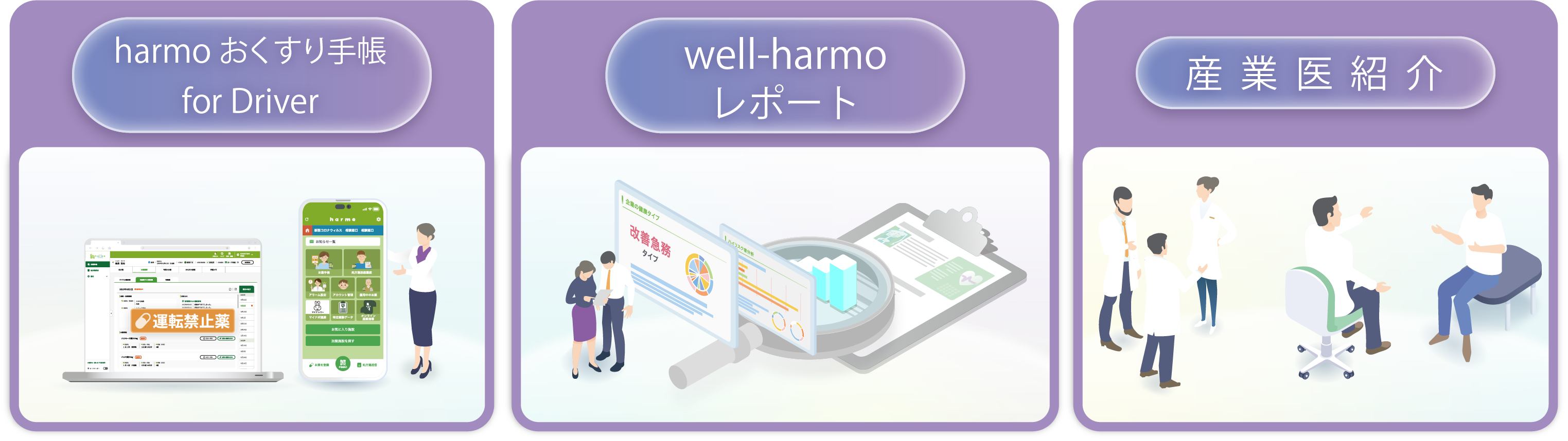 harmoおくすり手帳の活用で、従業員の服薬管理と治療の継続を支援し、健康に起因する事故の防止を目指します。服薬忘れや治療中断、眠気などの副作用によるリスクを減らし、治療中でも運転業務を続けられるようサポートします。
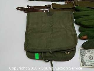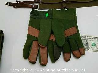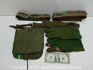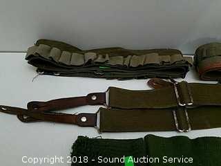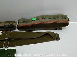 Lot #0271: Army Green Ammo Belts, Suspenders, Gloves & Pouch
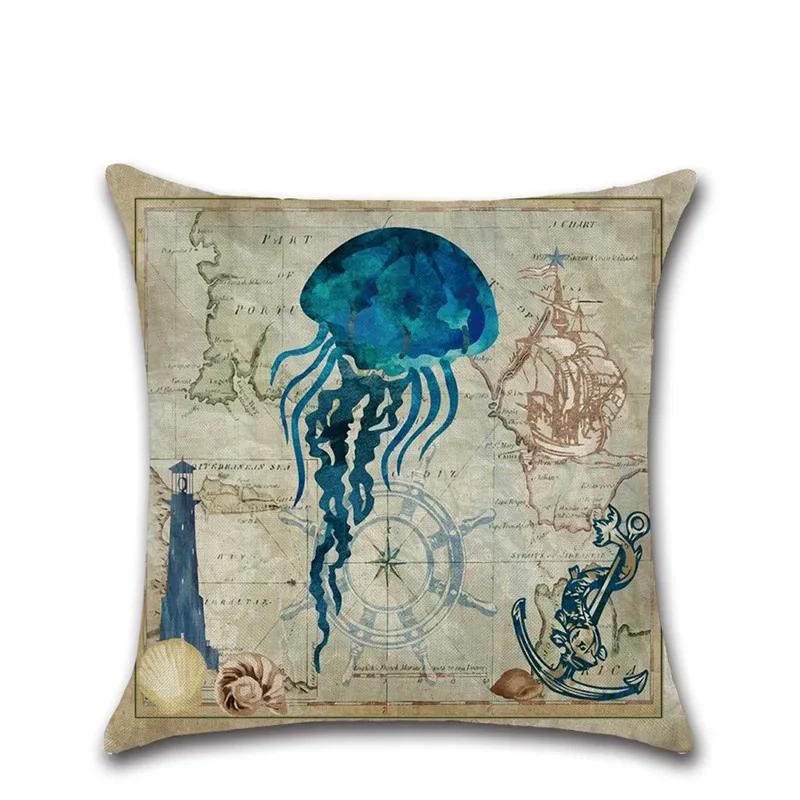 Sea Turtle Nautical Mermaid Pattern Cotton Linen Throw Pillow Cushion Cover Car Home Decoration Sofa Decorative Pillowcase DT--,(6)
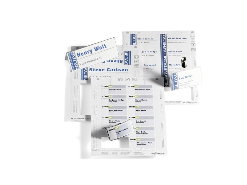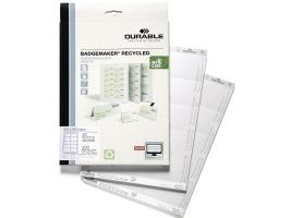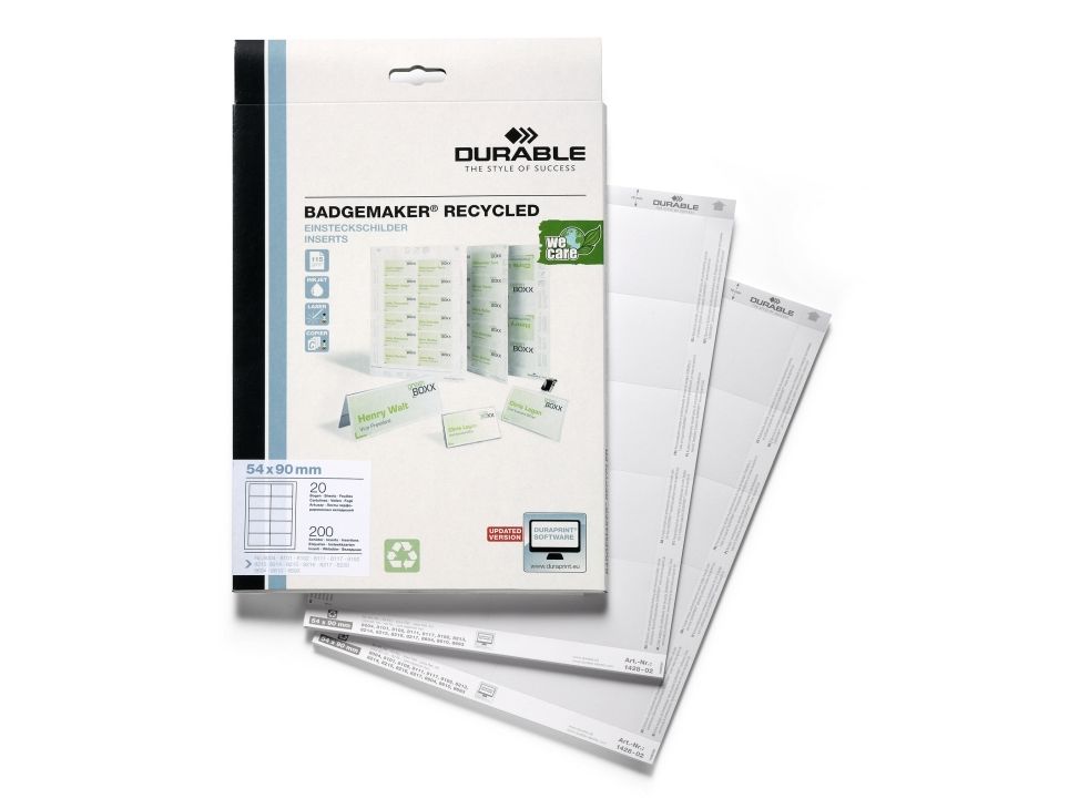 Recycelte Einsteckschilderbogen für DURABLE Namensschilder. Für Art. 8004, 8101, 8102, 8111, 8117, 8182, 8213, 8214, 8215, 8216, 8217, 8230, 8604, 8610, 8693. Inhalt: 200 Schilder. Format: 54 x 90 mm. * Professionelle Beschriftung der BADGEMAKER Einsteckschilder für Namensschilder mit der kostenlosen Software DURAPRINT unter www.duraprint.de

● ● ● ●

■ Exercise goal
Copy the lines above exactly, starting at the one with "Lot #0271: Army" and ending at the one with "Sea Turtle Nautical", both included. Leave out any pictures and add nothing else.

■ Finished exercise
 Lot #0271: Army Green Ammo Belts, Suspenders, Gloves & Pouch
 Sea Turtle Nautical Mermaid Pattern Cotton Linen Throw Pillow Cushion Cover Car Home Decoration Sofa Decorative Pillowcase DT--,(6)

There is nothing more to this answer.